Talend - Components for Data Integration

All the operations in Talend are performed by connectors and components. Talend offers 800+ connectors and components to perform several operations. These components are present in palette, and there are 21 main categories to which components belong. You can choose the connectors and just drag and drop it in the designer pane, it will create java code automatically which will get compiled when you save the Talend code.

Main categories which contains components are shown below −

Main Categories

The following is the list of widely used connectors and components for data integration in Talend Open Studio −

  • tMysqlConnection − Connects to MySQL database defined in the component.

  • tMysqlInput − Runs database query to read a database and extract fields (tables, views etc.) depending on the query.

  • tMysqlOutput − Used to write, update, modify data in a MySQL database.

  • tFileInputDelimited − Reads a delimited file row by row and divides them into separate fields and passes it to the next component.

  • tFileInputExcel − Reads an excel file row by row and divides them into separate fields and passes it to the next component.
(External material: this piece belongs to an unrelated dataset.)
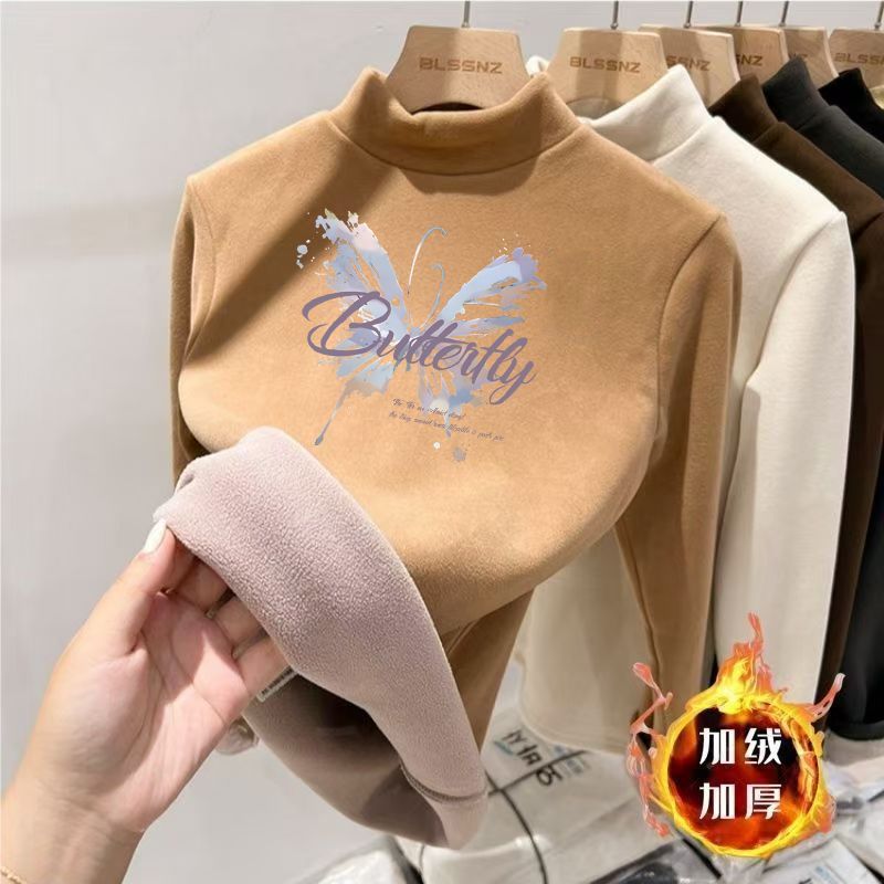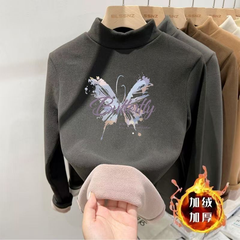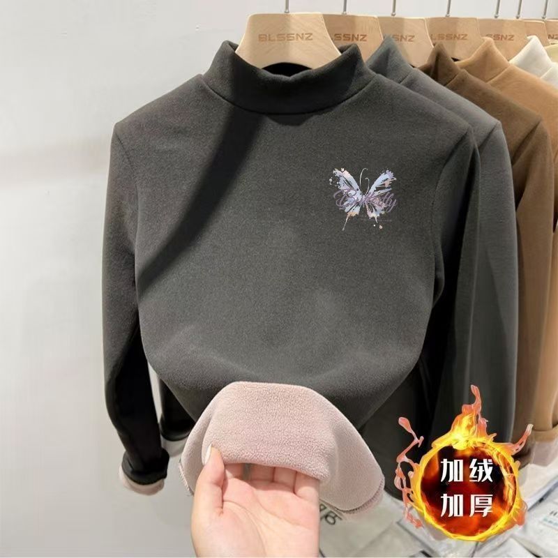 德绒一体加绒加厚男童打底衫冬季洋气百搭女童半高领保暖上衣

  • tFileList − Gets all the files and directories from a given file mask pattern.

  • tFileArchive − Compresses a set of files or folders in to zip, gzip or tar.gz archive file.

  • tRowGenerator − Provides an editor where you can write functions or choose expressions to generate your sample data.

  • tMsgBox − Returns a dialog box with the message specified and an OK button.

  • tLogRow − Monitors the data getting processed. It displays data/output in the run console.

  • tPreJob − Defines the sub jobs that will run before your actual job starts.

  • tMap − Acts as a plugin in Talend studio. It takes data from one or more sources, transforms it, and then sends the transformed data to one or more destinations.

  • tJoin − Joins 2 tables by performing inner and outer joins between the main flow and the lookup flow.

  • tJava − Enables you to use personalized java code in the Talend program.

  • tRunJob − Manages complex job systems by running one Talend job after another.

Talend - Job Design

This is the technical implementation/graphical representation of the business model. In this design, one or more components are connected with each other to run a data integration process. Thus, when you drag and drop components in the design pane and connect then with connectors, a job design converts everything to code and creates a complete runnable program which forms the data flow.

Creating a Job

In the repository window, right click the Job Design and click Create Job.

Creating Job

Provide the name, purpose and description of the job and click Finish.

Description of Job

You can see your job has been created under Job Design.

Job Design

Now, let us use this job to add components, connect and configure them. Here, we will take an excel file as an input and produce an excel file as an output with same data.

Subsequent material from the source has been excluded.